Extracted data entries:

......

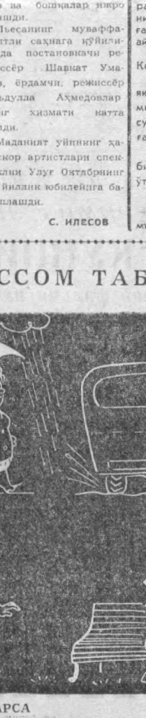
ЗОНТИК КҮП ЯХШИ НАРСА
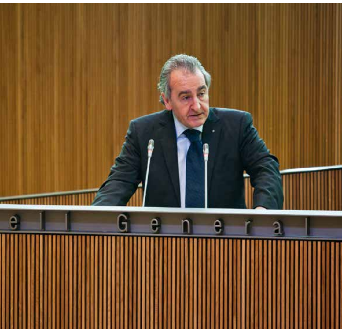
El president del Grup parlamentari mixt, Jaume Bartumeu, el dia 20 de juny durant la seva intervenció en el debat d'orientació política del 2014.
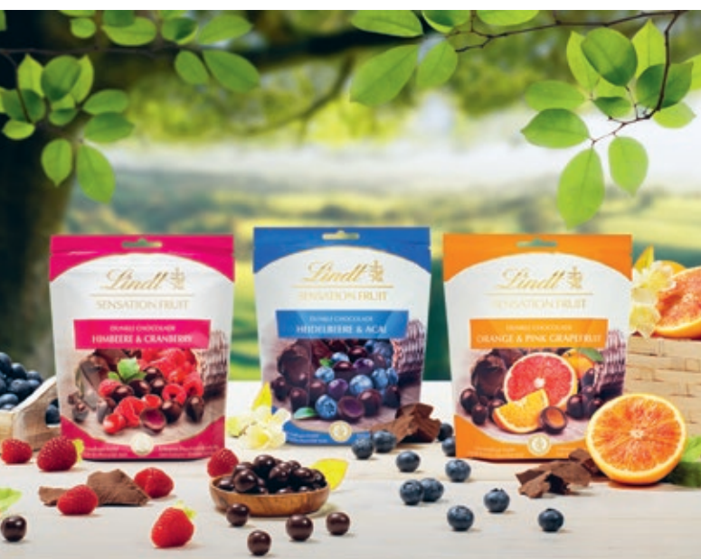
Lindt Sensation Fruits – eine der erfolgreichsten Produktinnovationen aus Frankreich.
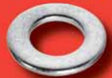
Unterlegscheiben DIN 125 A2/A4/1.4571
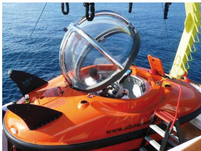
„U-Boat Worx - CQ3.1“, maximale Tauchtiefe 100 msw
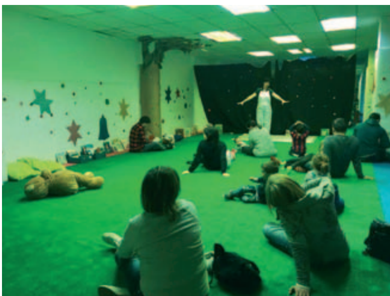
Parc de Nadal: l'hora del conte
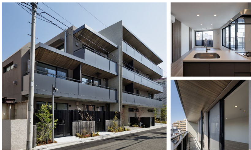
【GranDuo 荻窪3 外観・内観】

当社は、東京都杉並区上荻に、都市の利便性と穏やかな住環境の両立を図りながら、癒し効果をもたらす工夫が随所に施された自社開発物件「GranDuo（グランデュオ）荻窪3」が完成したことをお知らせいたします。
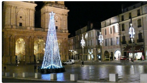
Le parvis de la cathédrale.

Depuis le 1er décembre, les illuminations de Noël brillent sur la ville de mille feux, un spectacle à apprécier à la tombée de la nuit qui se prolongera jusqu'au 4 janvier. Une véritable prouesse réalisée par le service municipal « Fêtes et cérémonies » qui a installé 8,5 km de guirlandes illuminées toutes équipées de matériel LED. A voir l'illumination tout en sobriété du parvis de la cathédrale avec son immense sapin, le grand chapiteau installé sur le rond-point de la place de Verdun (La Patte d'Oie), le pont de la Treille et ses arches lumineuses, l'avenue Alsace et son plafond étoilé... Et bien d'autres rues qui vous surprendront par leurs « travers de rue » de 8 mètres comme l'avenue Hoche ou encore la rue Rouget de Lisle. Des féeries à consommer sans modération.
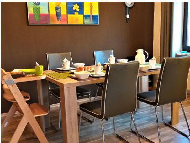
frühstücken und genießen
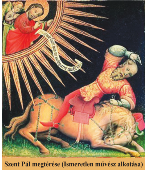
Szent Pál megtérése (Ismeretlen művész alkotása)

Végül azt kérte, hogy a Béke Világnapján mindnyájan együtt imádkozzunk a békéért. Mindenekelőtt imádkozzunk a konfliktusok és nyomor miatt vérző nemzetek közötti békéért, de otthonaink békéjéért is, az erőszak és a fájdalom által szedett családok békéjéért. Annak képét a bizonyosságában, hogy Krisztus, a mi reménységünk az igazságosság soha ki nem alvó napja, bizalommal kérjük Mária, Isten Anyja és az egyház Anyja közbenjárását – fejezte be fohászával beszédét XIV. Leó pápa. (Forrás: Vatican News)
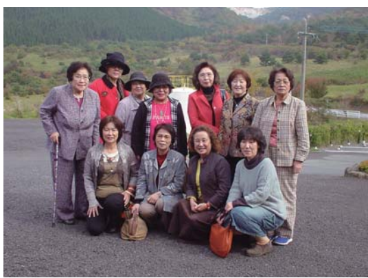
11月5日 女性部会視察旅行
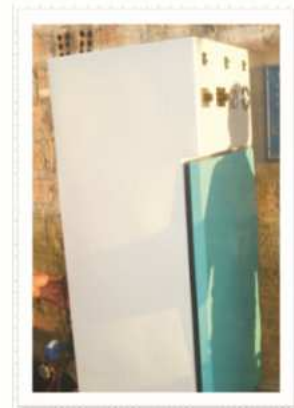
Figura 7. prototipo construido.
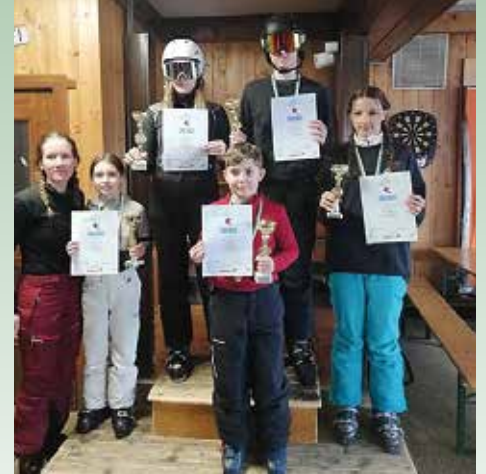
Viele Pokale gab es für die großartigen Leistungen der Schüler*innen.

(2. Platz, Jahrgang 2012/2013) erkämpften sich jeweils einen Pokal. Betreuer*innen: Lena Gollowitsch, Matthias Stifter
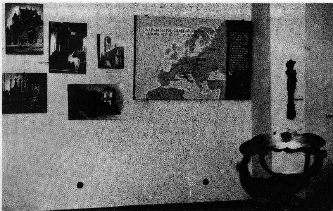
Ryc. 49. Dom Kopernika, fragment ekspozycji: Toruń — miasto Kopernika (1960 r.).
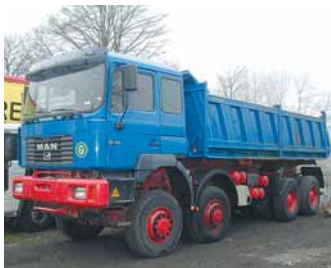
cen. kategorie VIII.

MAN 35.414 VFAK 8x8 sklápěč S3, r.v.2000 410 PS, 138.000km, klima, centr.mazání, půlená ocel.korba Meiller, 1 lůžko, list.péra, závěs, tempomat, užit.hm.16t Možnost pronájmu s následným odkupem.
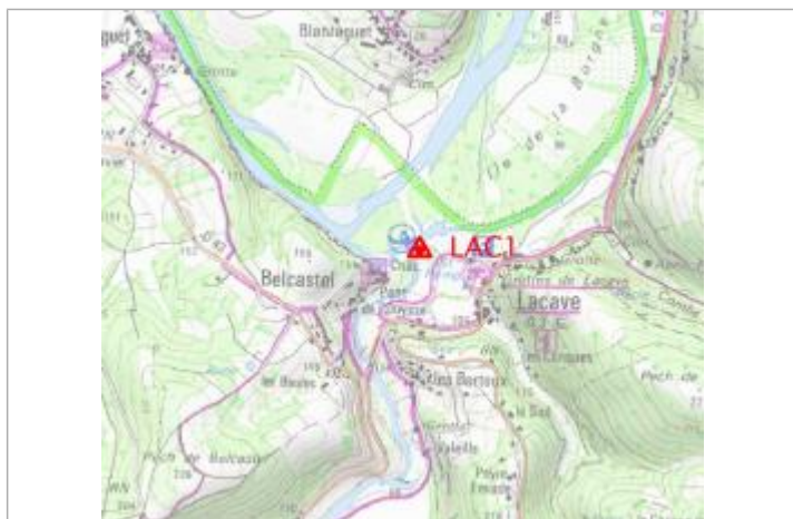
Localisation carte IGN
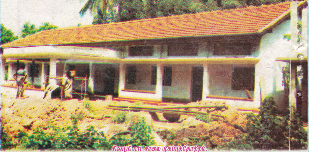
சிவ்ழி பாடசாலை முகப்புத்தோற்றம்.

அன்னை சிவதமிழ்ச்சல்வியினால் 02-07-2004இல் திறந்து வைக்கப்பட்ட சிவ்ழி பாடசாலை.
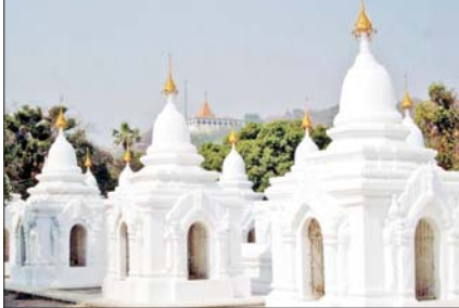
ဆောင်းပါး စာမျက်နှာ » ၆

မြန်မာနိုင်ငံမှ ကမ္ဘာ့မှတ်တမ်း အမွေအနှစ်များ (Memory of the World)
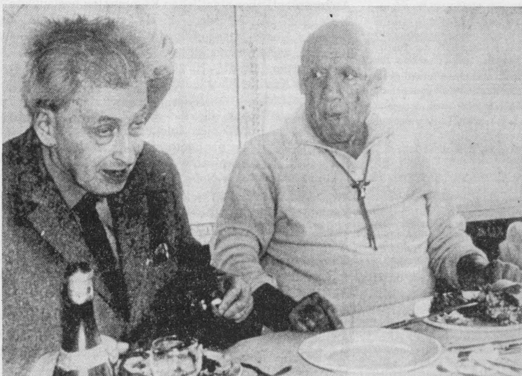
Der sowjetische Mordhetzer Ilja Ehrenburg, während des Krieges haßblind vom Tötungswahn gegen alle Deutschen, auch Frauen und Kinder, die er sämtlich als Tiere verschrie, nach dem von ihm miterrungenen "Sieg" bei seinem (r.i.B.) "alten Freund Picasso" in Nizza/Frankreich.
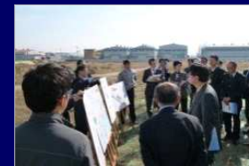
国内外視察ツアー
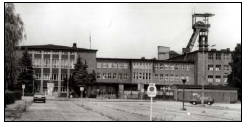
Bernard-Koenen-Schacht 1989 (Teufbeginn 1952, Endteufe 692 m, Produktionszeit 1958-1990)
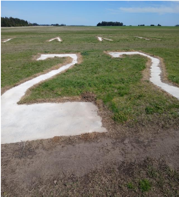
IMAGEN N° 5

ORGANISMO: DIRECCIÓN REGIONAL CENTRO – AREA AERODROMOS AERODROMO: TRES ARROYOS – (YOS – SAZH) ASUNTO: INSPECCION DE AERODROMOS y RELEVAMIENTO GPS FECHA: 08 de septiembre de 2025
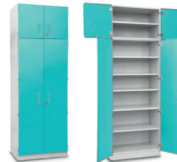
Шкаф медицинский высокий для хранения медикаментов (с полками и антресольным шкафом)

Габариты (ш/г/в): - 900x600x2700 мм (717)
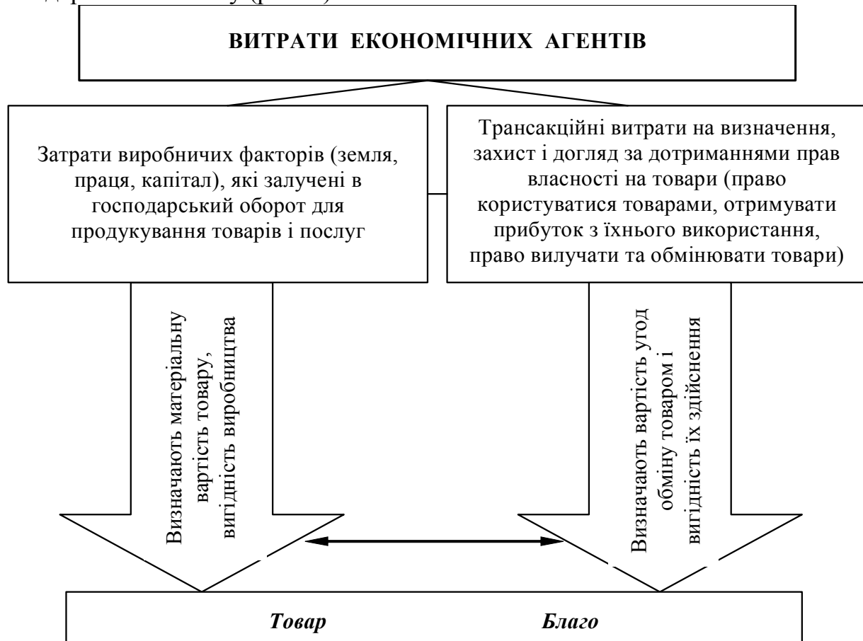
Рис. 2. Структура витрат господарського обміну з урахуванням трансакційних*

Вважаємо, що трансакційні витрати є особливими за змістом і значимістю, що зумовлює специфічність підходів до усвідомлення їх структури, яка змінюється під впливом мінливості інституціональних умов ринку. Пропонуємо схематично зобразити структуру витрат у процесі господарського обміну (рис. 2).
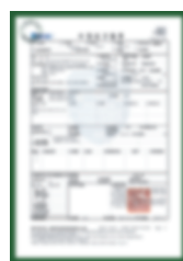
Giấy chứng nhận khai báo nhập khẩu
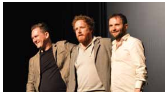
> Trois hommes au récit touchant et drôle.
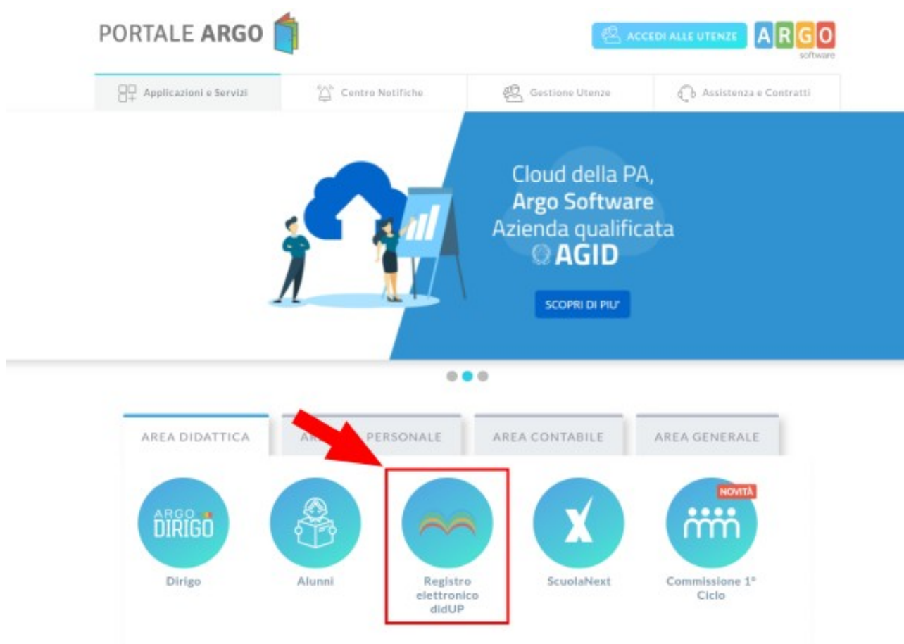
Figura 1: Accesso a didUP

......

Exercise requirements: Repeat each record exactly as shown above, dropping all images.

Exercise answer:
ЗОНТИК КҮП ЯХШИ НАРСА
El president del Grup parlamentari mixt, Jaume Bartumeu, el dia 20 de juny durant la seva intervenció en el debat d'orientació política del 2014.
Lindt Sensation Fruits – eine der erfolgreichsten Produktinnovationen aus Frankreich.
Unterlegscheiben DIN 125 A2/A4/1.4571
„U-Boat Worx - CQ3.1“, maximale Tauchtiefe 100 msw
Parc de Nadal: l'hora del conte
【GranDuo 荻窪3 外観・内観】

当社は、東京都杉並区上荻に、都市の利便性と穏やかな住環境の両立を図りながら、癒し効果をもたらす工夫が随所に施された自社開発物件「GranDuo（グランデュオ）荻窪3」が完成したことをお知らせいたします。
Le parvis de la cathédrale.

Depuis le 1er décembre, les illuminations de Noël brillent sur la ville de mille feux, un spectacle à apprécier à la tombée de la nuit qui se prolongera jusqu'au 4 janvier. Une véritable prouesse réalisée par le service municipal « Fêtes et cérémonies » qui a installé 8,5 km de guirlandes illuminées toutes équipées de matériel LED. A voir l'illumination tout en sobriété du parvis de la cathédrale avec son immense sapin, le grand chapiteau installé sur le rond-point de la place de Verdun (La Patte d'Oie), le pont de la Treille et ses arches lumineuses, l'avenue Alsace et son plafond étoilé... Et bien d'autres rues qui vous surprendront par leurs « travers de rue » de 8 mètres comme l'avenue Hoche ou encore la rue Rouget de Lisle. Des féeries à consommer sans modération.
frühstücken und genießen
Szent Pál megtérése (Ismeretlen művész alkotása)

Végül azt kérte, hogy a Béke Világnapján mindnyájan együtt imádkozzunk a békéért. Mindenekelőtt imádkozzunk a konfliktusok és nyomor miatt vérző nemzetek közötti békéért, de otthonaink békéjéért is, az erőszak és a fájdalom által szedett családok békéjéért. Annak képét a bizonyosságában, hogy Krisztus, a mi reménységünk az igazságosság soha ki nem alvó napja, bizalommal kérjük Mária, Isten Anyja és az egyház Anyja közbenjárását – fejezte be fohászával beszédét XIV. Leó pápa. (Forrás: Vatican News)
11月5日 女性部会視察旅行
Figura 7. prototipo construido.
Viele Pokale gab es für die großartigen Leistungen der Schüler*innen.

(2. Platz, Jahrgang 2012/2013) erkämpften sich jeweils einen Pokal. Betreuer*innen: Lena Gollowitsch, Matthias Stifter
Ryc. 49. Dom Kopernika, fragment ekspozycji: Toruń — miasto Kopernika (1960 r.).
cen. kategorie VIII.

MAN 35.414 VFAK 8x8 sklápěč S3, r.v.2000 410 PS, 138.000km, klima, centr.mazání, půlená ocel.korba Meiller, 1 lůžko, list.péra, závěs, tempomat, užit.hm.16t Možnost pronájmu s následným odkupem.
Localisation carte IGN
சிவ்ழி பாடசாலை முகப்புத்தோற்றம்.

அன்னை சிவதமிழ்ச்சல்வியினால் 02-07-2004இல் திறந்து வைக்கப்பட்ட சிவ்ழி பாடசாலை.
ဆောင်းပါး စာမျက်နှာ » ၆

မြန်မာနိုင်ငံမှ ကမ္ဘာ့မှတ်တမ်း အမွေအနှစ်များ (Memory of the World)
Der sowjetische Mordhetzer Ilja Ehrenburg, während des Krieges haßblind vom Tötungswahn gegen alle Deutschen, auch Frauen und Kinder, die er sämtlich als Tiere verschrie, nach dem von ihm miterrungenen "Sieg" bei seinem (r.i.B.) "alten Freund Picasso" in Nizza/Frankreich.
国内外視察ツアー
Bernard-Koenen-Schacht 1989 (Teufbeginn 1952, Endteufe 692 m, Produktionszeit 1958-1990)
IMAGEN N° 5

ORGANISMO: DIRECCIÓN REGIONAL CENTRO – AREA AERODROMOS AERODROMO: TRES ARROYOS – (YOS – SAZH) ASUNTO: INSPECCION DE AERODROMOS y RELEVAMIENTO GPS FECHA: 08 de septiembre de 2025
Шкаф медицинский высокий для хранения медикаментов (с полками и антресольным шкафом)

Габариты (ш/г/в): - 900x600x2700 мм (717)
Рис. 2. Структура витрат господарського обміну з урахуванням трансакційних*

Вважаємо, що трансакційні витрати є особливими за змістом і значимістю, що зумовлює специфічність підходів до усвідомлення їх структури, яка змінюється під впливом мінливості інституціональних умов ринку. Пропонуємо схематично зобразити структуру витрат у процесі господарського обміну (рис. 2).
Giấy chứng nhận khai báo nhập khẩu
> Trois hommes au récit touchant et drôle.
Figura 1: Accesso a didUP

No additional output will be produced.